Deus é dinheiro.
Em uma sociedade onde dinheiro é Deus supremo, que valor tem o amor, amizade e as relações sociais?
Nenhum.
Sendo um fetiche a vida em si, grande parte dos valores humanos tornam-se moeda de troca. O desejo torna-se consumo. E amor, amizade, sexo, companhia viram moeda de troca e só são adquiridos a base de compra.
Caso não tenha capital, sua vida será motivo de queixa para muitos que se ajoelham e endeusam o dinheiro: ser supremo de todas as coisas.

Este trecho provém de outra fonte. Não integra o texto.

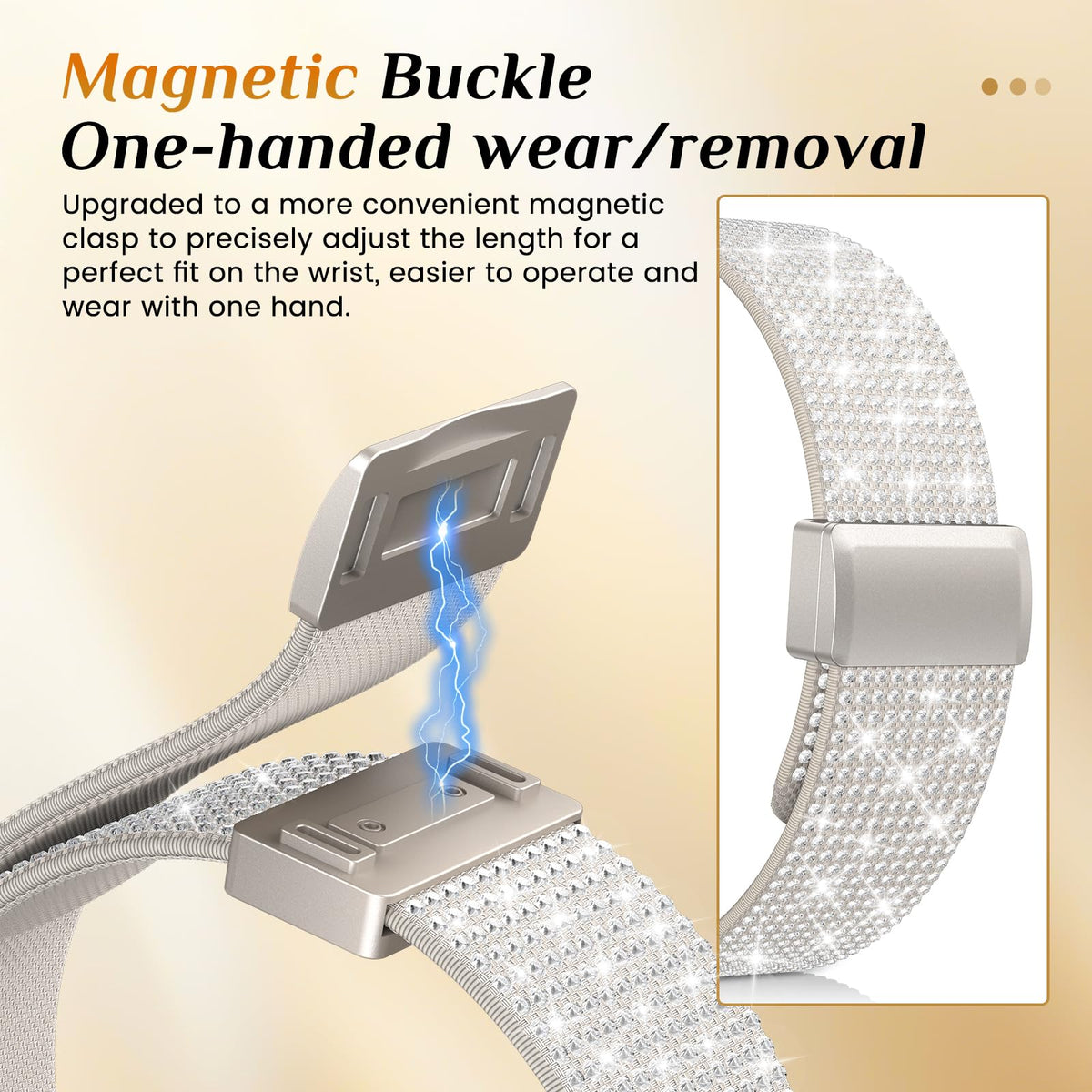 Q: How does the magnetic adjustable buckle work on this band?A: The LETOID band features a 4th generation stainless steel magnetic adjustable buckle that allows for easy on and off. The strong magnetic clasp ensures a secure fit, preventing the band from coming loose during activities.

É preciso vencer na vida. É o que todos dizem. Mas tal atitude implica em duas coisas: anular-se e se auto escravizar. Pois, este vencer na vida pressupõe você ter muito capital para ter uma casa, família, dinheiro e uma vida chata, burocrática, conforme a sociedade e o rebanho querem.
Felicidade sem capital nesta sociedade é impossível.
O que seria a paz de espírito neste contexto? Somente quando tiver muito, mas muito capital. Aí sim, depois de acumular muito será digno de tê-la.
Deus não morreu. Virou dinheiro metamorfoseado em inúmeras técnicas de fetiche em que o próprio indivíduo escraviza-se e ainda se acha livre.
Uma decadência de vida, repleta de ilusão, e travestida de "felicidade".